The debt crisis has its origins in the 1970s when high commodity prices - for goods such as sugar and cocoa - encouraged developing countries to borrow huge sums from foreign banks and governments. Commodity prices fell sharply in the 1980s and interest rates rose, multiplying the burden of debt on the poorest countries. Many developing countries spend twice or three times as much servicing their debt than they do on such essential services as hospitals and schools.

The International Monetary Fund (IMF) and the World Bank decided in 1996 to launch an Initiative for Heavily Indebted Poor Countries, known as HIPC. Debt cancellation would be funded mainly by selling some of the IMF and World Bank gold reserves but the richer countries could not agree on which countries should qualify for debt relief.

Germany's former chancellor, Dr Helmut Kohl, was steadfastly opposed to relieving debt, arguing that it was morally right to insist that loans should be repaid in full. Germany's new, centre-left government has overturned this policy, forming an alliance with Britain's Chancellor of the Exchequer, Mr Gordon Brown, to put debt relief at the top of the G7 agenda.

The launch of Jubilee 2000, a campaign for debt relief that has attracted the support of such public figures as Bono, Salman Rushdie and the Pope, increased pressure on the G7 leaders to take action. Jubilee 2000 has collected millions of signatures from all over the world - including almost 800,000 from Ireland - for a petition demanding a speedy end to the debt crisis.

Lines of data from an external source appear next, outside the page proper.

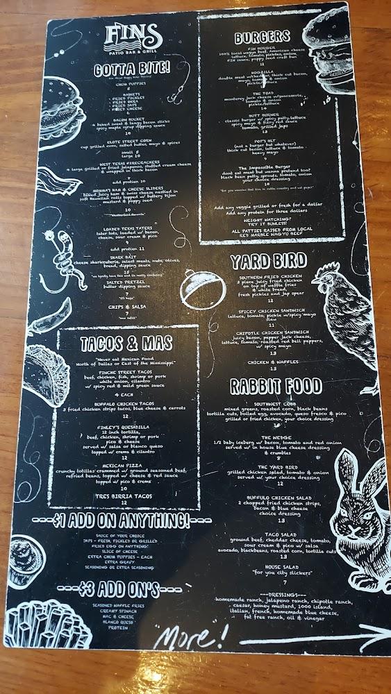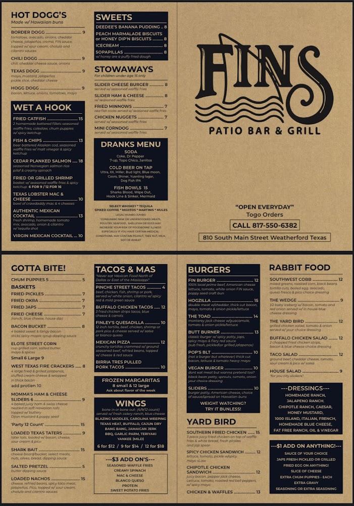 Discover FINS Patio Bar & Grill, the largest patio west of Fort Worth, where great food meets the perfect atmosphere! Open every day of the year, including holidays, FINS offers a diverse menu featuring locally-inspired dishes and a wide selection of cold beers, cocktails, and wines. Enjoy live music, quiz nights, and sports events, all in a welcoming, wheelchair-accessible space. Relish the vibrant ambiance while dining on our spacious patio or inside. With fast service and unbeatable happy hour specials, FINS is the ideal spot for lunch, dinner, or a late-night snack in Weatherford, TX.
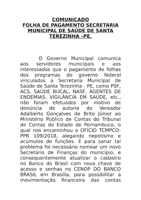 A prefeitura de Santa Terezinha se posicionou na manhã desta quarta-feira (1º) sobre uma denúncia feita ao Ministério Público de Contas do Tribunal de Contas do estado por um vereador da oposição de Santa Terezinha, o qual denunciou nepotismo e acúmulos de função. De acordo com o comunicado enviado ao blog, a denuncia afetará o pagamento dos servidores ligados a programas do governo federal, lotados na Secretaria de Saúde.
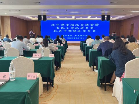 4月16日,民建湖北省委以线上线下相结合的方式,在武汉洪山大厦举办建华课堂湖北分课堂暨各民主党派省委会机关干部联合学习会。省台盟主委刘江东、省九三学社专职副主委付文芳、省民盟秘书长李金玲、省民进秘书长张琼,各民主党派省委会机关干部以及民建省直各支部会员代表、各市(州)班子成员、专职干部、骨干会员等参加学习。民建省委专职副主委刘运梅主持会议。
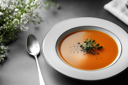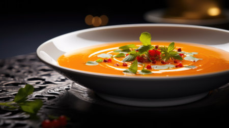 A bowl of soup with garnish on a table, AI
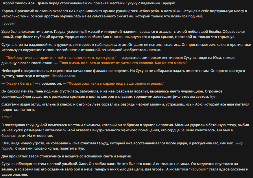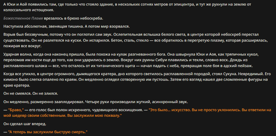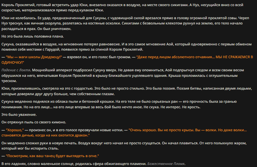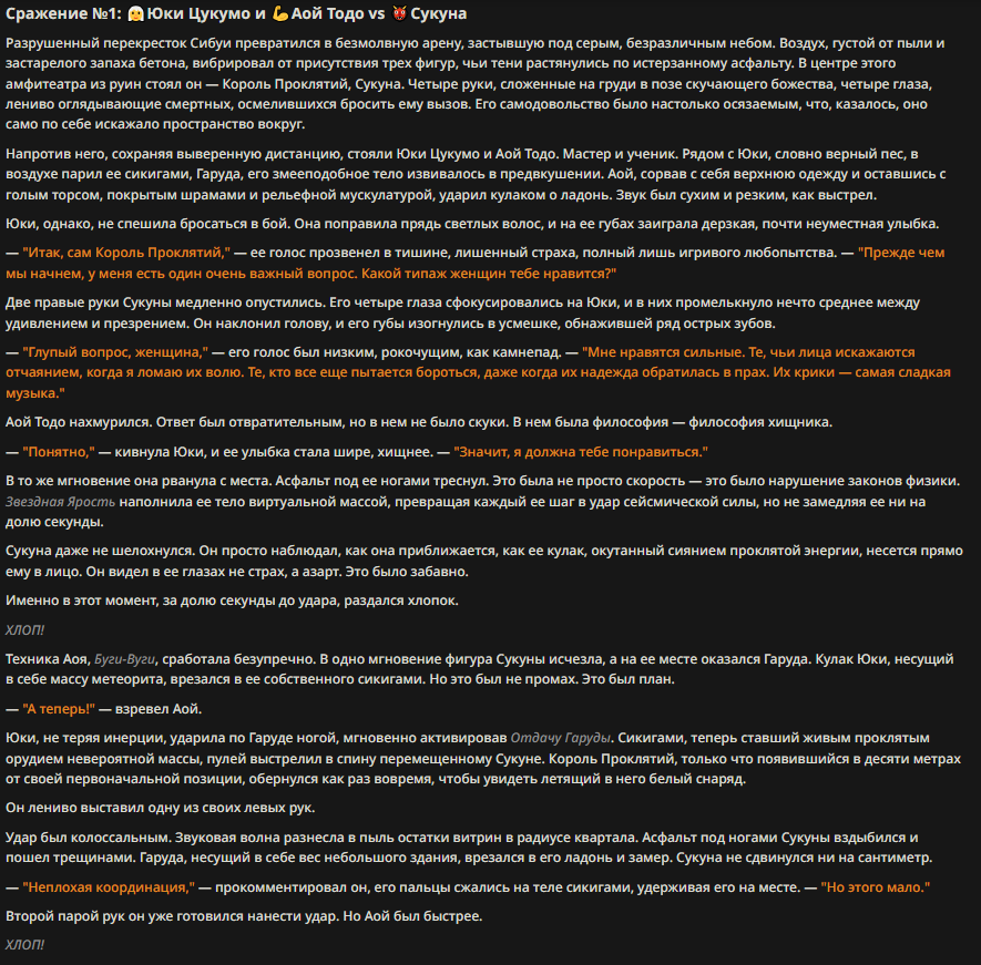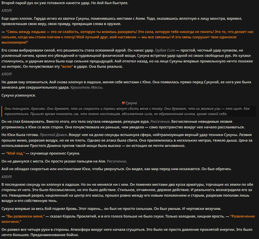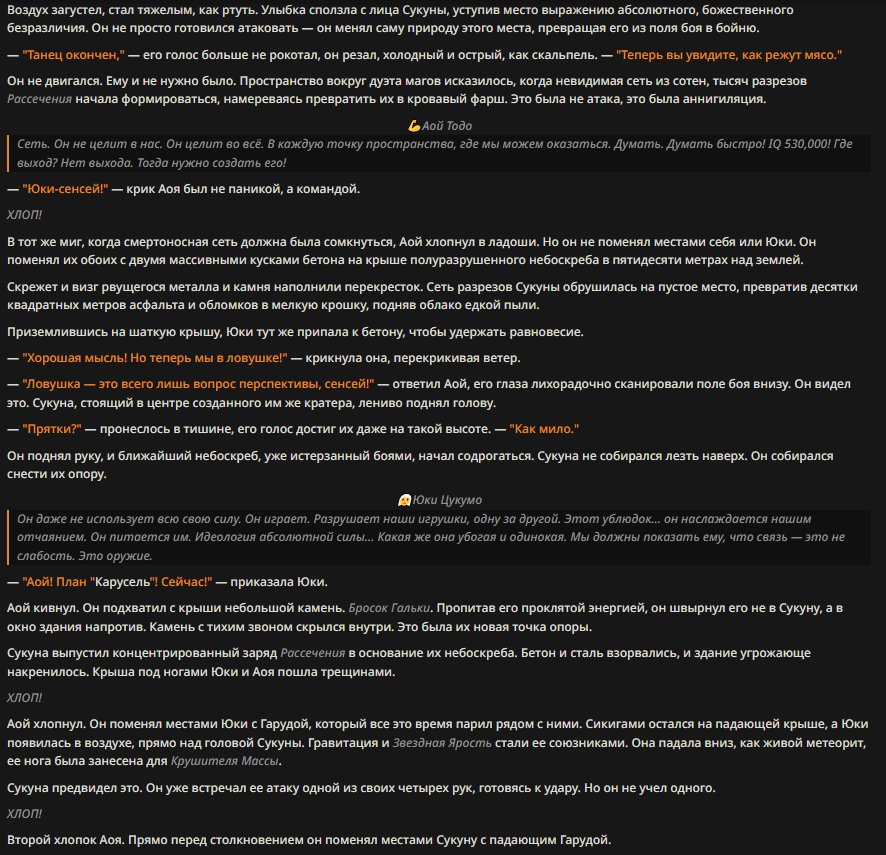 >>841594 Слушай, а пока сейчас ничего похоже ещё не привидится, не хочешь потестить ещё одного жужутцу-колдуна против Сукуны? Как раз сегодня закончил писать
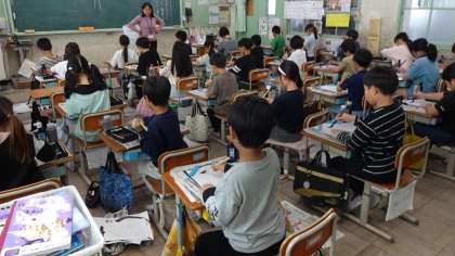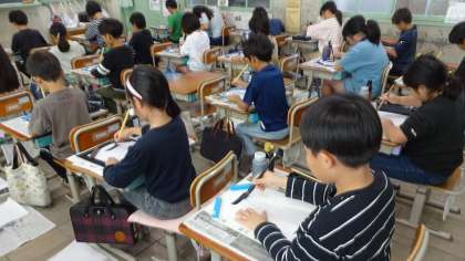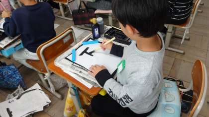 書写の学習で「正月」と書きました。今まで習ってきた「おれ」「はね」「とめ」などを意識しながら、丁寧に書き上げることができました。
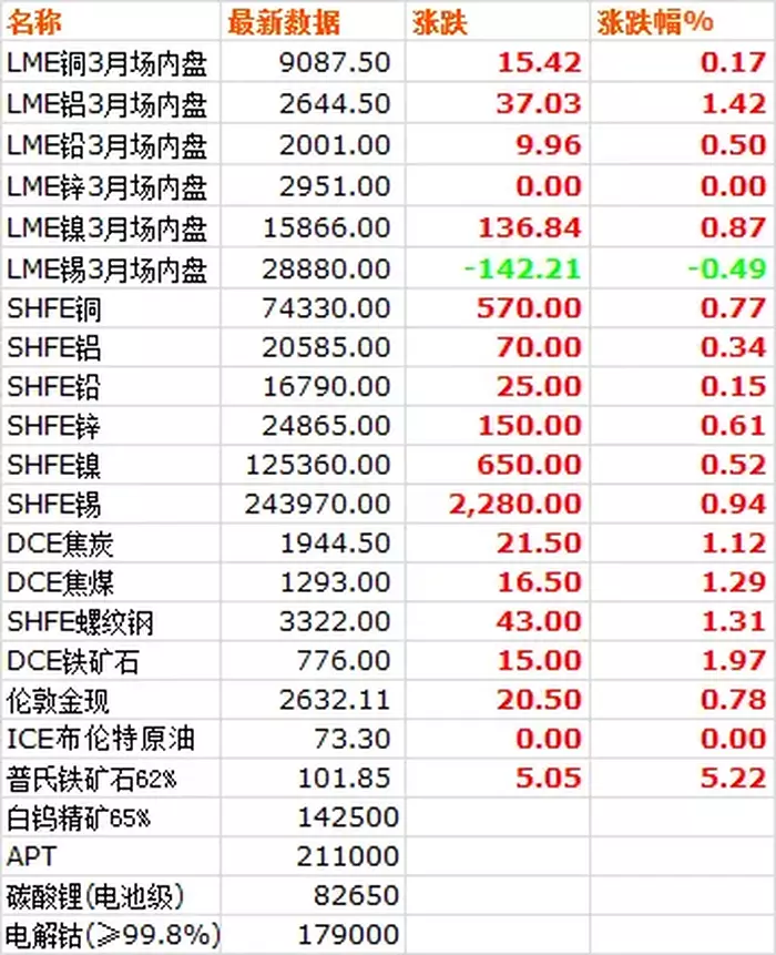 11月19日,LME六种基本金属价格涨多跌少,锡小幅下跌,铝领涨。三月期铜价收于9087.5美元/吨,上涨0.17%。三月期铝价收于2644.5美元/吨,上涨1.42%。三月期铅价收于2001美元/吨,上涨0.50%。三月期锌价收于2951美元/吨,几乎与前一日持平。三月期锡价收于28880美元/吨,下跌0.49%。三月期镍价收于15866美元/吨,上涨0.87%。
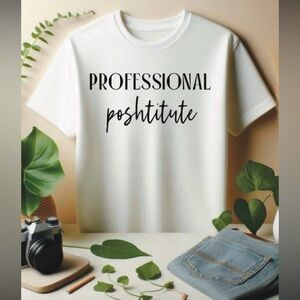 White t-shirt with bold black text design. Casual and stylish.
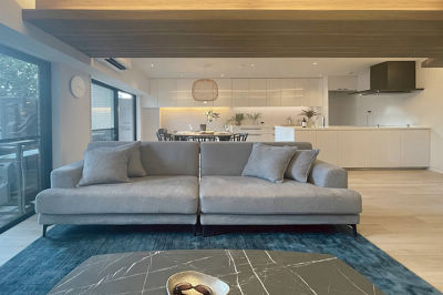 和室を取り込み、ひと続きの大きなLDKに。ホテルライクなデザインで、開放的な明るい空間になりました。
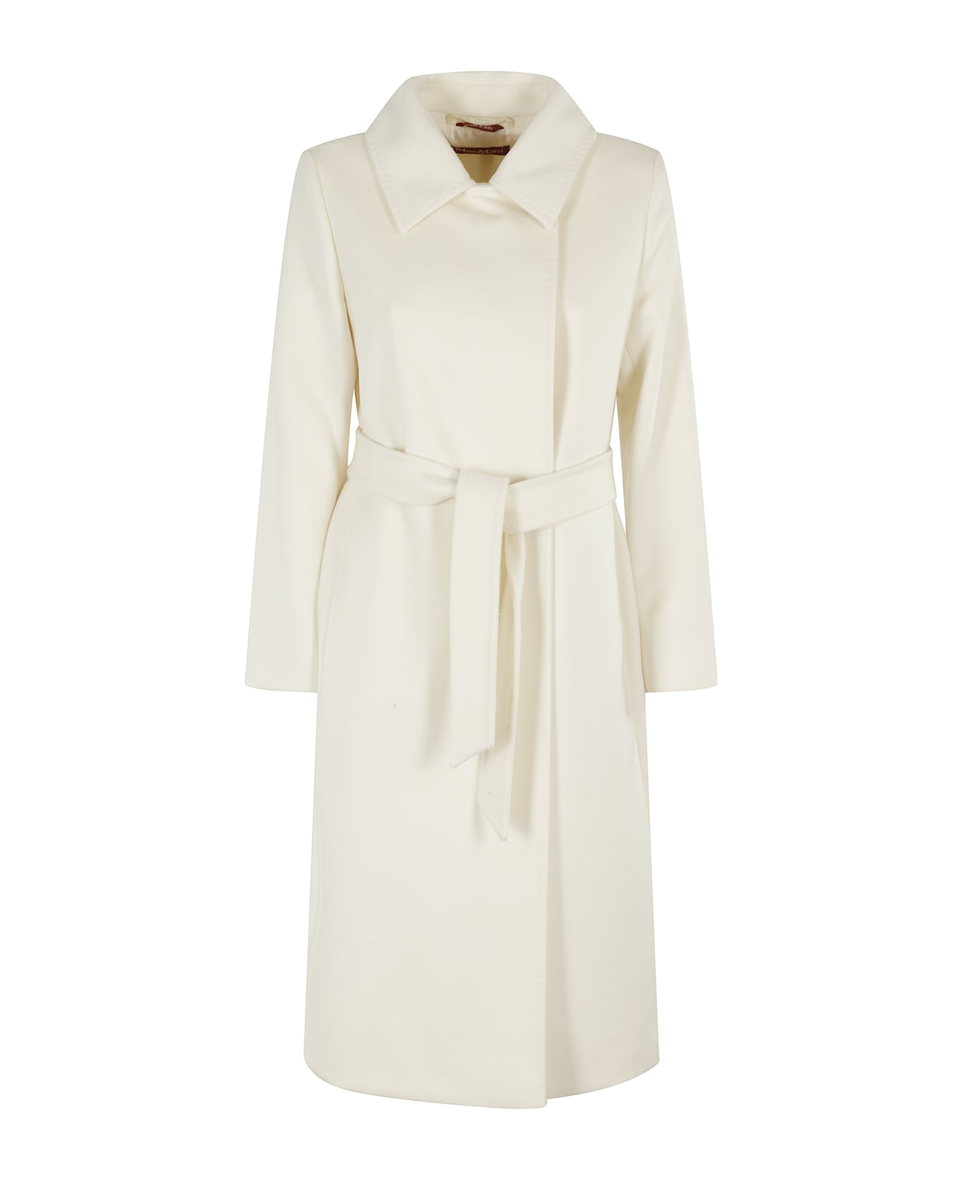 BCollag coat -Max Mara Studio -White color -Long sleeve -Center closure -Side pockets -Split at back -Belt at waist
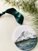 Ornament measures 3.5" x 3.5" (Circle) and hangs from a satin ribbon, varying colors to complement the art map.
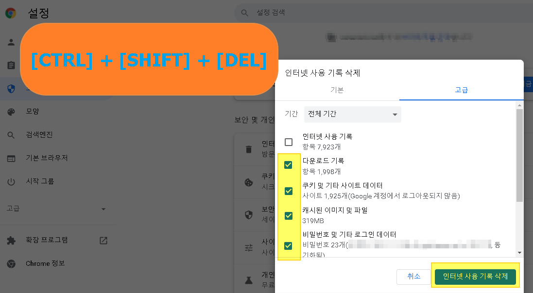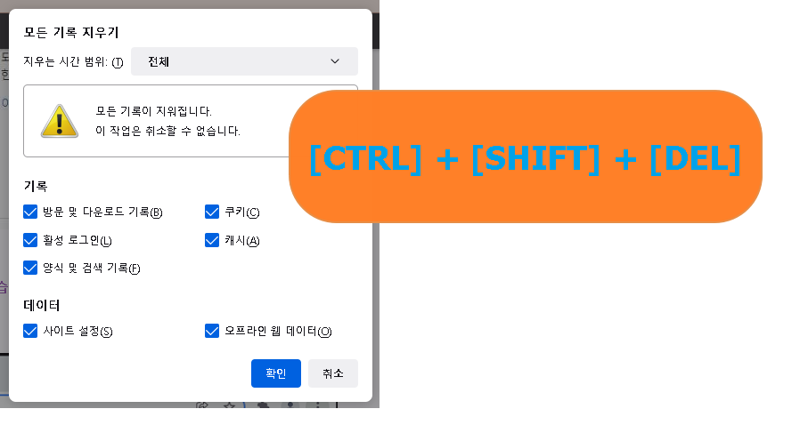 쿠키, 캐시, 비밀번호 데이터 등을 모두 삭제하고,
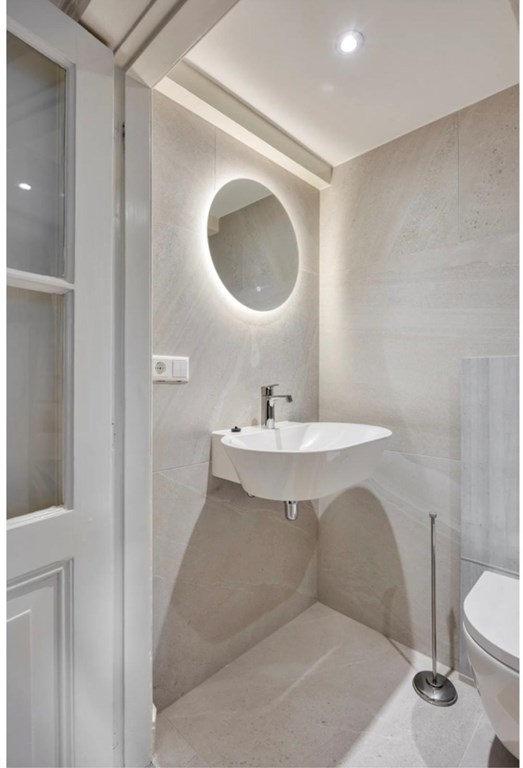 Via een open trap op de beletage kom je in het met smaak ingerichte souterrain,

More than 100 Irish activists will be among the 50,000 people who will form a human chain around Cologne's city centre tomorrow before handing some of the signatures to Chancellor Gerhard Schroder on the banks of the Rhine.

Ms de Barra believes that this weekend's meeting offers the G7 leaders a unique opportunity to take action that will have an important, practical impact on the lives of millions of people.

"Tanzania, for example, spends four times more on debt servicing than it does on health. So if a portion of the debt servicing could be freed up and put into health, it would have a tangible, understandable effect for people on the ground. Clinics could be stocked with medicines, nurses could be trained and you could avoid loss of life and lots of misery," she said.